══ Source data

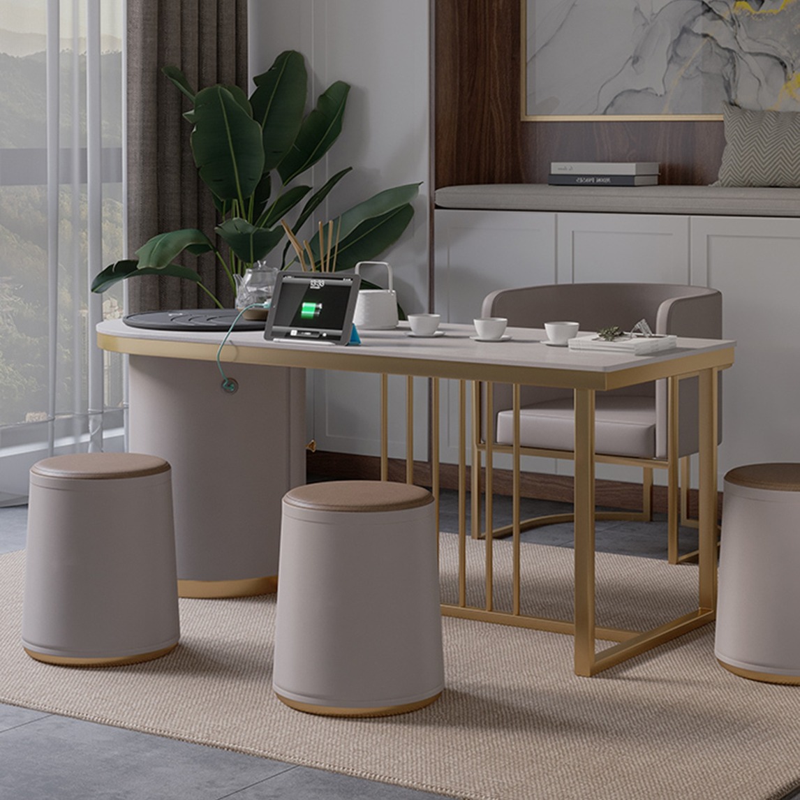 轻奢风茶室背景石材似尽情挥洒的水墨般隽永,辅以素色的装饰画,抽象与具象形成对比。白色的山形摆件与花瓶,一股浓浓的轻奢风情扑面而来。
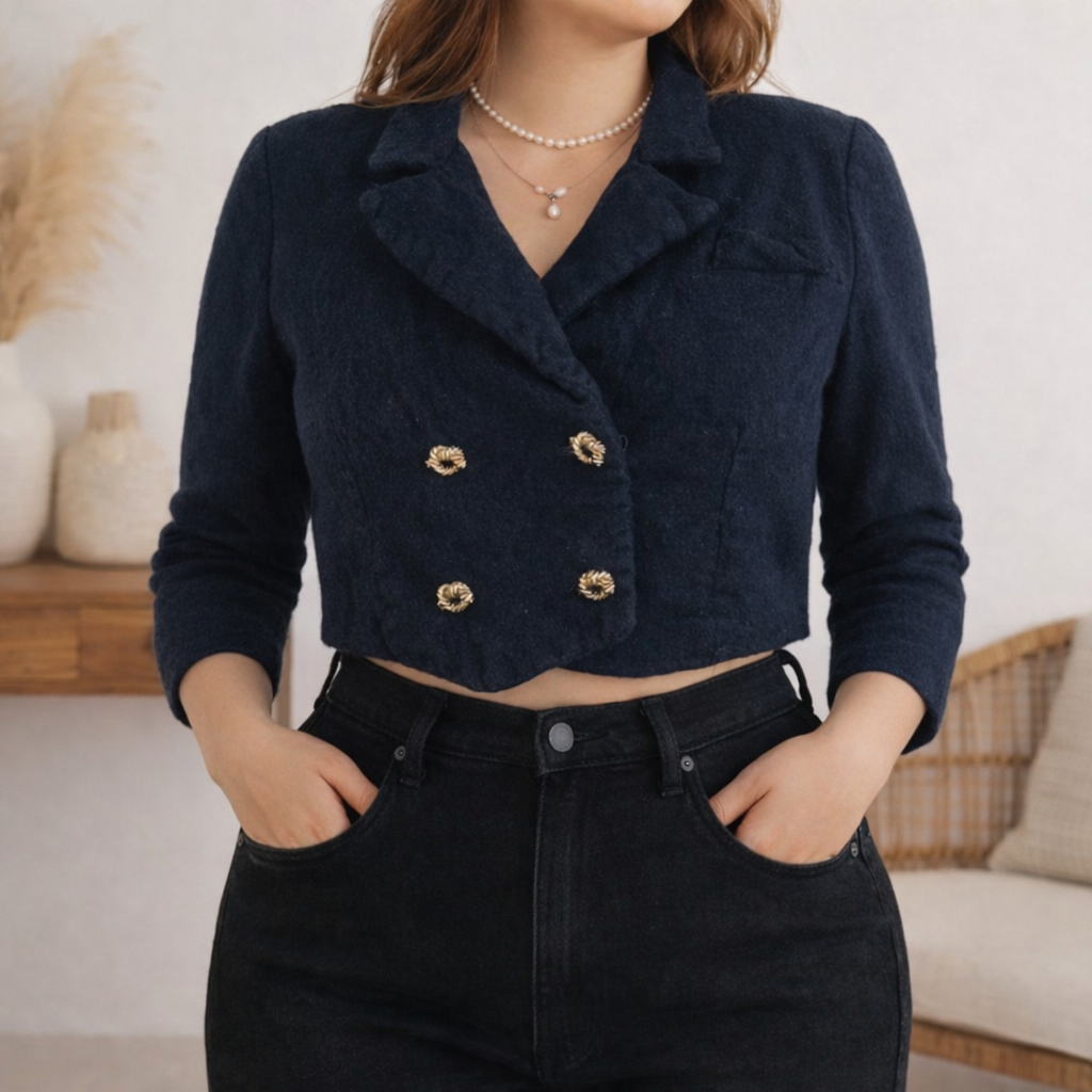 Casaqueto / casaco cropped azul vintage, com CGC, em lã batida de poliéster. Possui mangas 7/8, pequenas ombreiras e forro.
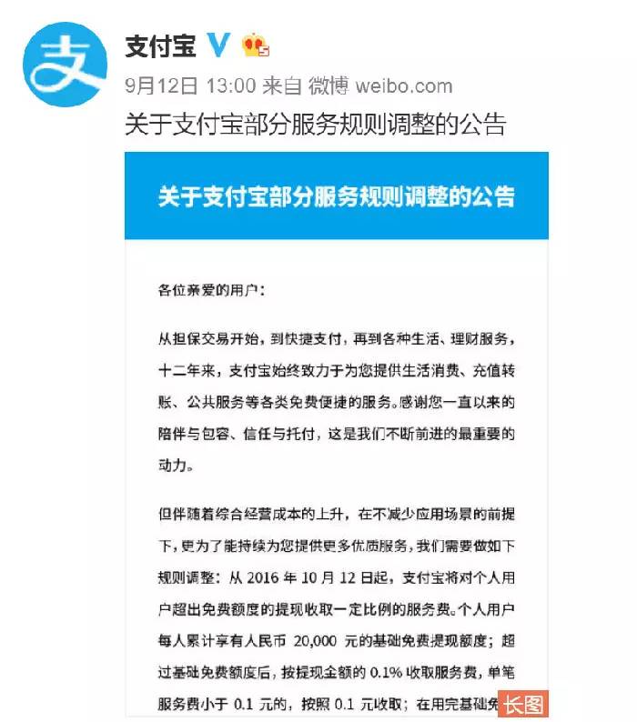 还记得一个月前支付宝发布的关于收取提现手续费的公告吗?10 月 12 日起,支付宝将对个人用户超出免费额度的提现收取 0.1% 的服务费。也就是说,从明天起,我们就要告别支付宝免费提现的时代了。
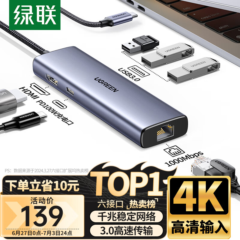 绿联(UGREEN)Type-C扩展坞网口千兆拓展坞USB分线器雷电4转HDMI网线转接头4K转换器适用苹果MacBook华为电脑价格:149.00元!
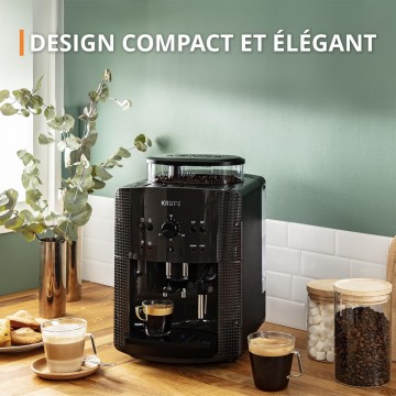 Effortlessly discover the essence of espresso with the KRUPS Essential automatic bean-to-cup coffee machine. This automatic bean-to-cup coffee machine's conveniently compact size, easy-to-use features, advanced technology, and highly intuitive control panel bring the authentic taste of freshly ground coffee and espresso straight to your cup.

════

Every line of the listing is to be retyped exactly; pictures stay out.

 轻奢风茶室背景石材似尽情挥洒的水墨般隽永,辅以素色的装饰画,抽象与具象形成对比。白色的山形摆件与花瓶,一股浓浓的轻奢风情扑面而来。
 Casaqueto / casaco cropped azul vintage, com CGC, em lã batida de poliéster. Possui mangas 7/8, pequenas ombreiras e forro.
 还记得一个月前支付宝发布的关于收取提现手续费的公告吗?10 月 12 日起,支付宝将对个人用户超出免费额度的提现收取 0.1% 的服务费。也就是说,从明天起,我们就要告别支付宝免费提现的时代了。
 绿联(UGREEN)Type-C扩展坞网口千兆拓展坞USB分线器雷电4转HDMI网线转接头4K转换器适用苹果MacBook华为电脑价格:149.00元!
 Effortlessly discover the essence of espresso with the KRUPS Essential automatic bean-to-cup coffee machine. This automatic bean-to-cup coffee machine's conveniently compact size, easy-to-use features, advanced technology, and highly intuitive control panel bring the authentic taste of freshly ground coffee and espresso straight to your cup.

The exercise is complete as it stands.